SEC Commissioner Hester Peirce voiced her disapproval of the gag rule, arguing that it undermines regulatory integrity and violates First Amendment rights. She contends that the rule’s prohibition on denying SEC allegations post-settlement is unnecessary and creates a chilling effect on free speech.
The rule in question forbids defendants from making any public statements that deny or cast doubt on the SEC’s allegations, effectively preventing any criticism of the agency’s actions. Peirce highlights the problematic nature of this clause, noting that it also stops others from questioning the SEC’s judgment.
Peirce points out that this non-negotiable no-denial policy is a standard condition in SEC settlements, which are the most frequent outcome of enforcement actions. Violating this condition can lead to further legal consequences.
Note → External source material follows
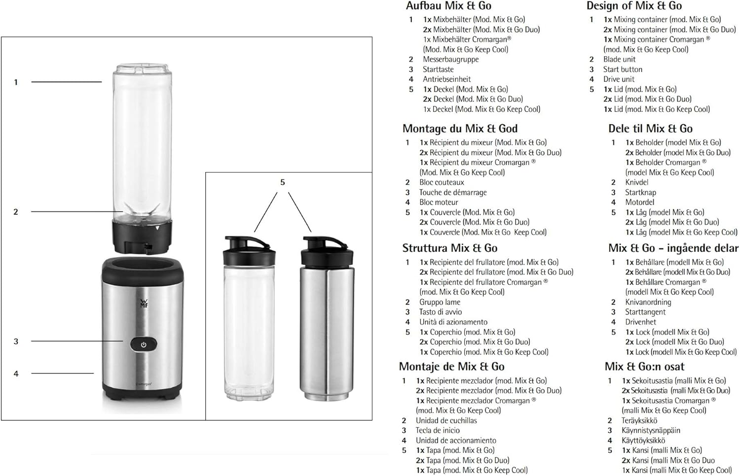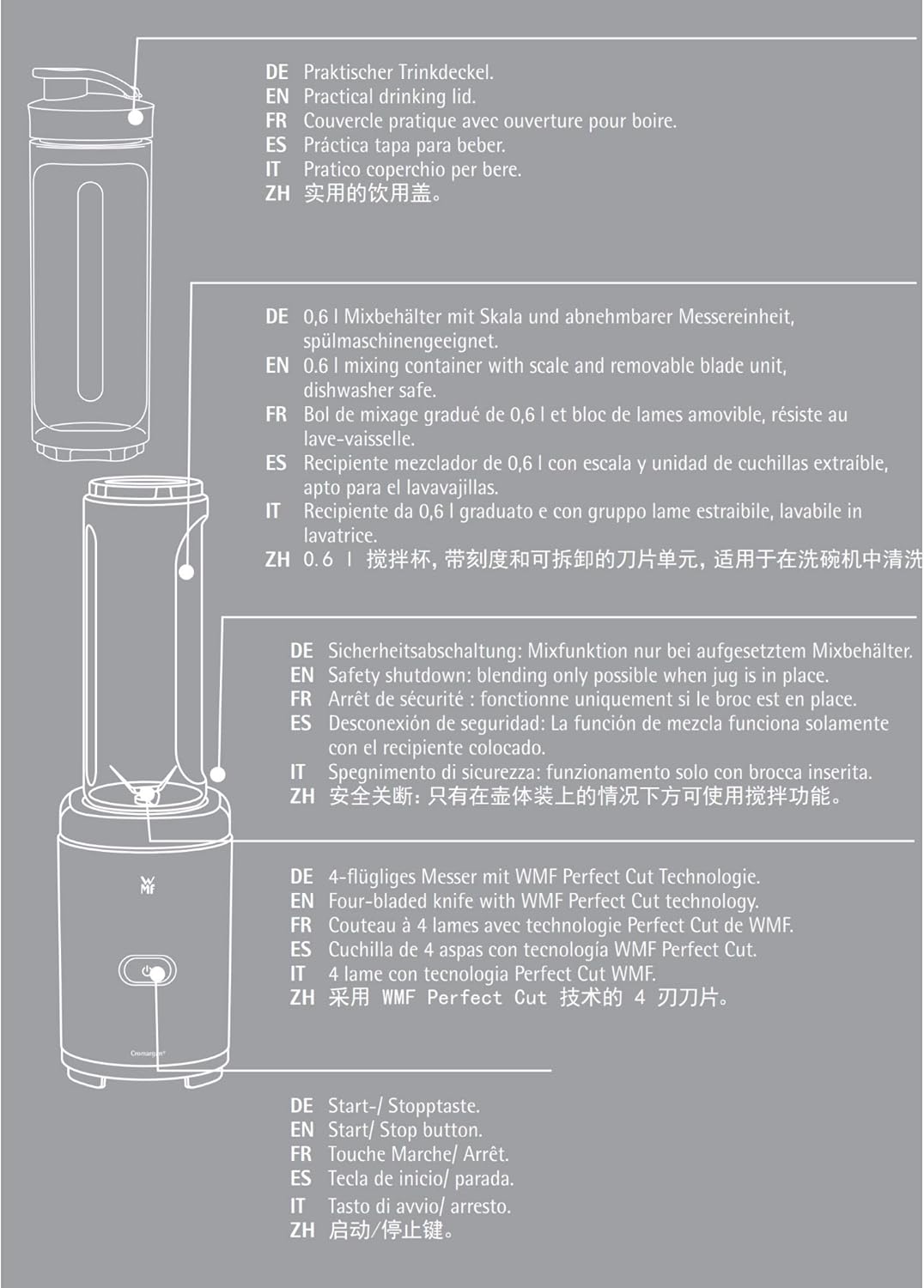 - Der dichte Mixbehälter mit praktischem To-Go-Trinkdeckel hat eine Skala und ist aus BPA-freien TRITAN-Kunststoff. Alle abnehmbaren Teile sind spülmaschinenfest

The SEC’s enforcement against the crypto market peaked in 2023, with a significant number of actions and fines. Peirce argues against the SEC’s rationale for the no-denial policy, citing that prior to its implementation, the SEC had a history of settlements allowing defendants to deny wrongdoing, a practice that did not undermine the agency’s enforcement efforts and is still permitted by other federal agencies.